I was in foster care for the first four years of my life. Calling it difficult would be an understatement. Even from that young age, I was already watching other children with their parents and trying to figure out my identity: Will I ever have a family? Will I find my biological mother? Who did I belong to?
I was in at least four different foster care homes during that time. I remember the last two. I had to leave one because the foster parents decided to adopt my biological sister, but not me. It was emotional, and I wondered whether
I would see my sister again, but my main focus was on needing a mom.
After that I was in a home with anywhere from 12-15 children, a mix of biological and foster kids. I was second to youngest. There were times I would go to bed, not starving, but not full either. I would feel lost and neglected amongst all those kids. I hurt because I felt like an outcast without my own family. When you’re a foster care child, you feel separate from the world. You have no family, no guidance, and you feel like no one can understand you. At least that’s how I felt.
I have been told that fewer foster parents are stepping forward, but this could be a good thing: I have heard of and seen countless instances of foster parents abusing their power. Some foster parents see nothing but money when they look at foster care children. I would hope that wasn’t the case when I was in the system, but who knows. I’d rather there be fewer foster parents taking care of the children for all the right reasons than to have more ignorant ones collecting checks.
I was lucky to have my name in the local papers and on local television channels broadcasting my urgent need for a family. Well, lucky might not be the best word, because I remember families coming to the foster care homes and scoping me out, contemplating whether they wanted me to be a part of their family. My guard was up and my hopes were never high, but the thought of being part of a family never vanished.
And then my mother found me. It took her six to eight months to adopt me, maybe even longer. She had to go through a strident approvals process. Her life was an open book. She had to be interviewed and go to workshop classes. Her biological daughter (now my sister) was interviewed. My mother said it was like hell, and she questioned whether it was all worth it.
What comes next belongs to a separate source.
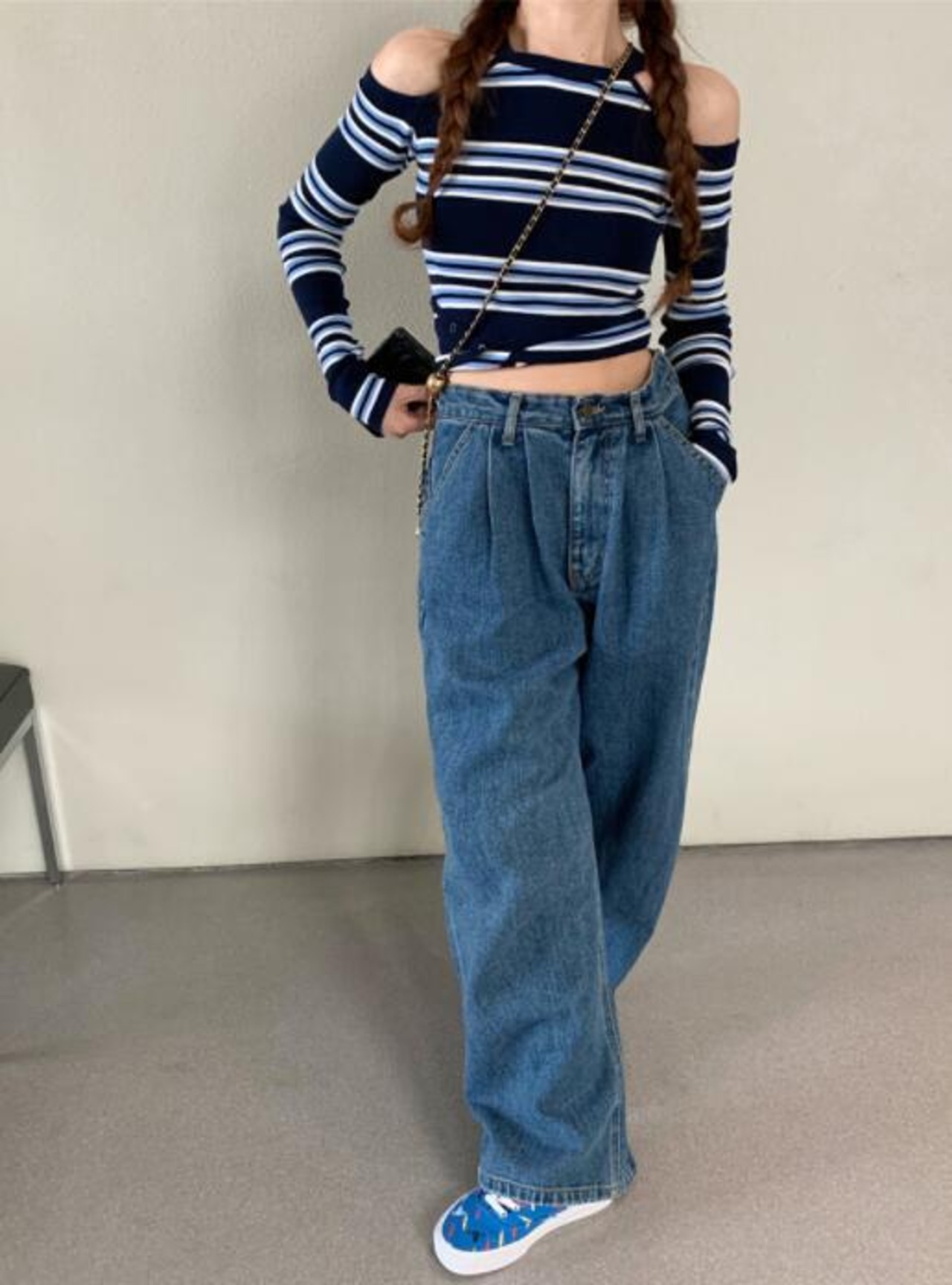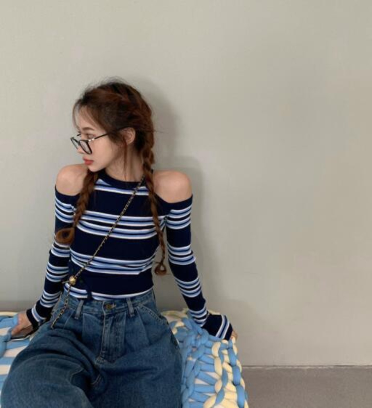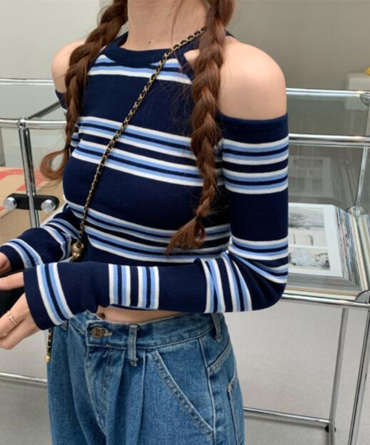 ボーダー柄 オフショル ショート丈 長袖 Tシャツ ロンT トップス アシメ 変形 韓国 ストリート Y2K ギャル レディース ファッション 7T-71

But I am happy she did. She is the best mother, the love of my life, the reason why I’m speaking out today. She raised a young boy into a young man, and couldn’t have done a better job. She always had high expectations for me, and even sent me to private schools. To this day, I feel like I owe her my life because she gave me a second life — a new name, a new identity, the chance to thrive. Being a single parent was difficult, but she juggled bringing up her biological daughter and me, spending equal time on both of us.
I wish all prospective foster parents were required to do at least this much, if not more. The system should make it very difficult for a foster parent to become authorized, certified and licensed to take care of a child. Where they work, who their friends are, how much money they make, how many kids are already in the household — this all needs to come to the surface. Child welfare workers should consider why potential foster parents want to foster, because they need to spend at least as much time with foster kids as their own. If they’re just in it to collect the monthly stipend, that’s selfish, and emotionally damaging.
Every foster care child deserves the same outcome I had. Around 400,000 children are in foster care on any given day in this country–400,000! That number has to decrease significantly, but it is not going to if people don’t know the real facts concerning foster care and the importance of adoption.
I reach out and share my journey about foster care to everyone I can. Even though I didn’t suffer too much, the public needs to know that overall it’s the foster care children who see more violence, more abuse than almost anybody else. Those boys and girls are the real heroes. The fact they have all that baggage with them and still somehow live a normal life impresses me to no end. Society has no clue what they go through, mentally or physically. They deserve more respect from adults.
My story is just one of many. I just wish all foster care children could be so fortunate.
Published on May 18, 2014 as part of Children’s Rights’ “Fostering the Future” campaign. The opinions expressed herein are those of the blog author and do not necessarily represent the views of Children’s Rights or its employees. Children’s Rights has not verified the author’s account.